**ASSIGNMENT:** Every line below from the one containing "上海銀行間同業拆放利率(Sh" through the one containing "Перевірте наявність всіх" is to be printed exactly, with the pictures omitted.

**SOURCE MATERIAL:**
——

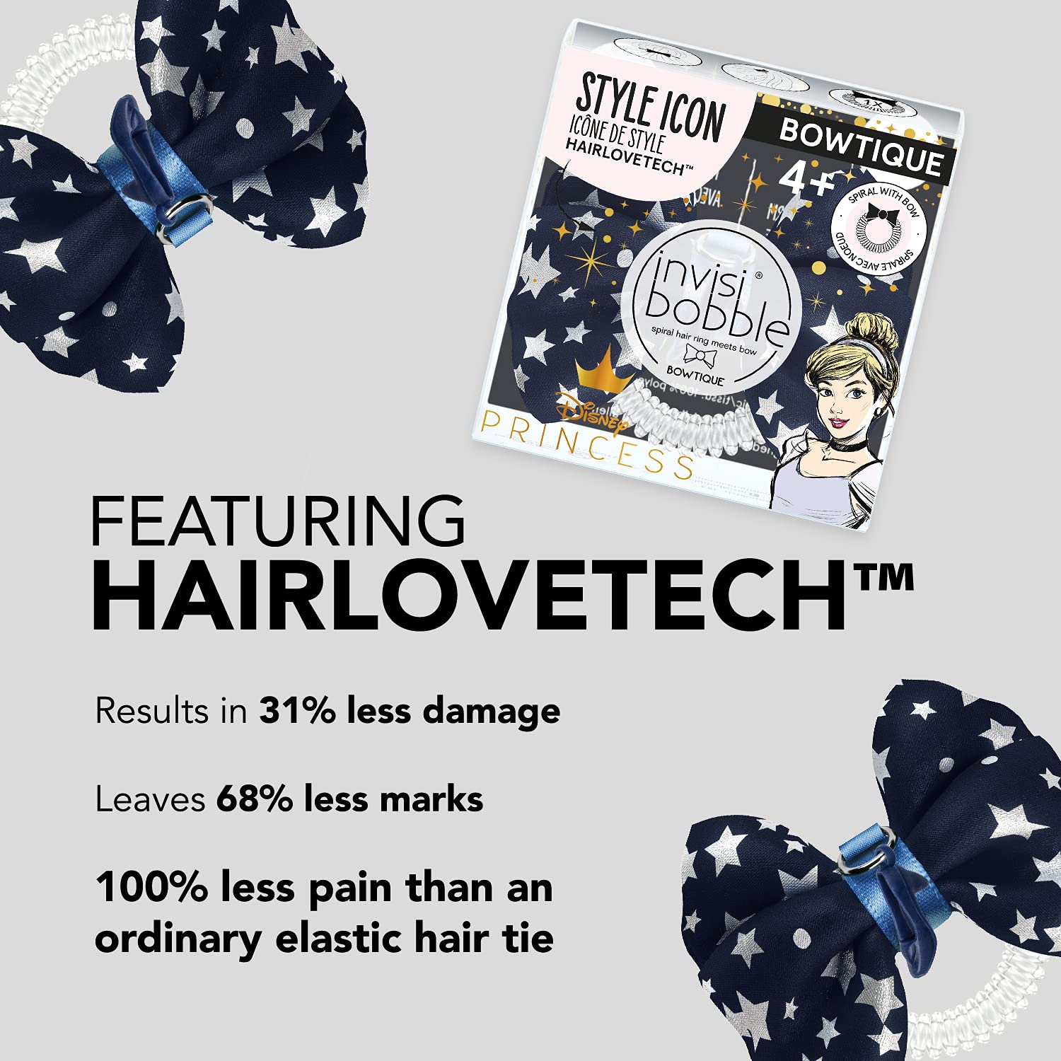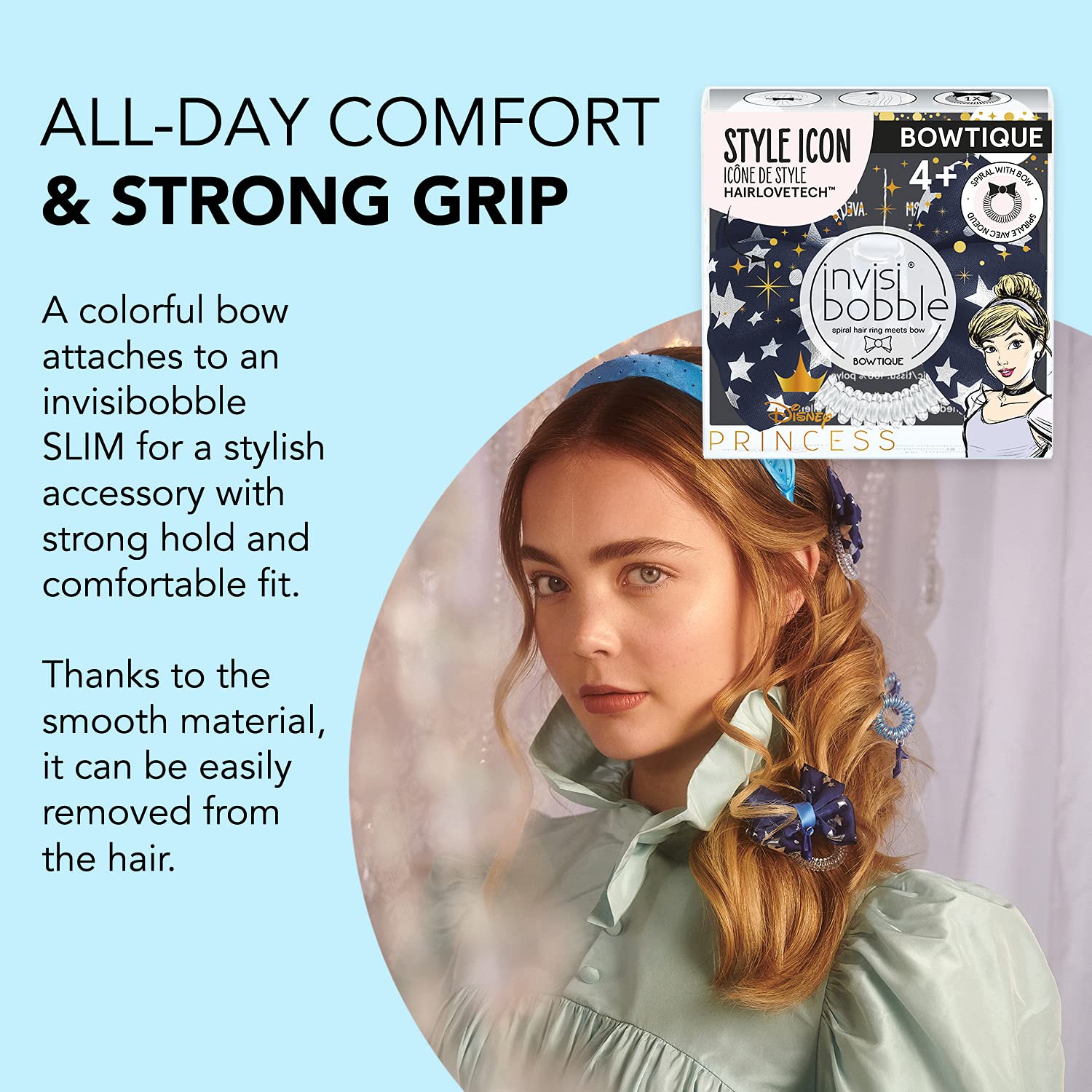• Spiral Ring Meets Hair Bow: Every princess needs a bow in her hair! The invisibobble Disney Princess Cinderella BOWTIQUE transforms classic ponytails and voluminous buns into trendy looks with little-to-no effort. The integrated double bow makes your hairstyle look effortless and cool while turning the invisibobble SLIM into the ultimate trend accessory. Ages 4+.
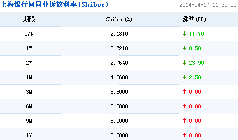 上海銀行間同業拆放利率(Shibor)顯示,短期利率方面,隔夜利率下跌11.70個基點至2.1810%;7天期利率下跌0.5個基點至2.7210%;14天期利率下跌23.90個基點至2.7640%;1個月期利率下跌2.50個基點至4.0600%。
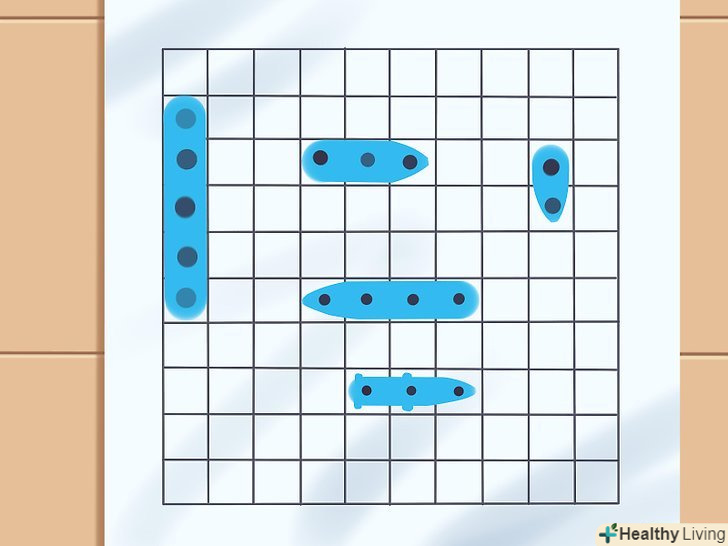 Перевірте наявність всіх кораблів. кораблі повинні бути різної довжини і займати різну кількість клітин ігрового поля. У обох гравців повинні бути однакові комплекти кораблів. Нижче наводиться стандартний список, а при нестачі елементів можна просто упевнитися, що обидва гравці використовують однакові кораблі в однаковій кількості: [1]- Один корабель на п'ять клітин (авіаносець)
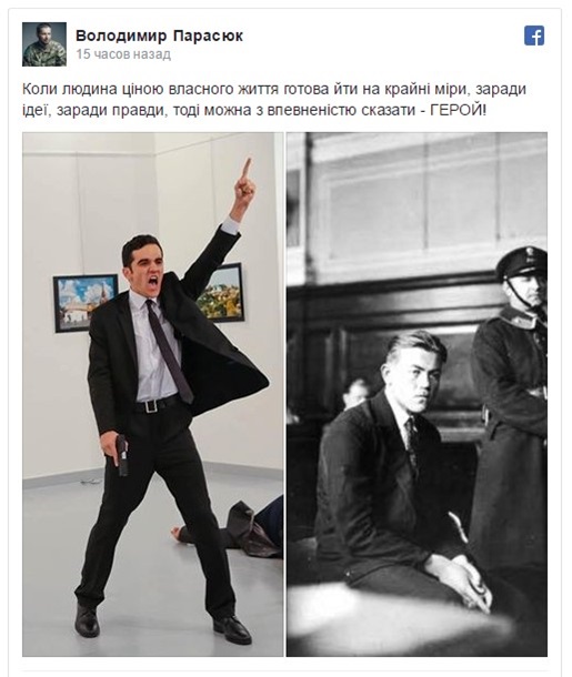 Народний депутат України Володимир Парасюк, коментуючи у себе у Facebook новину про вбивство посла РФ в Туреччині Андрія Карлова, назвав його вбивцю Мевлюта Мерта Алтинташа "справжнім героєм".

——

**WRITTEN ANSWER:**
 上海銀行間同業拆放利率(Shibor)顯示,短期利率方面,隔夜利率下跌11.70個基點至2.1810%;7天期利率下跌0.5個基點至2.7210%;14天期利率下跌23.90個基點至2.7640%;1個月期利率下跌2.50個基點至4.0600%。
 Перевірте наявність всіх кораблів. кораблі повинні бути різної довжини і займати різну кількість клітин ігрового поля. У обох гравців повинні бути однакові комплекти кораблів. Нижче наводиться стандартний список, а при нестачі елементів можна просто упевнитися, що обидва гравці використовують однакові кораблі в однаковій кількості: [1]- Один корабель на п'ять клітин (авіаносець)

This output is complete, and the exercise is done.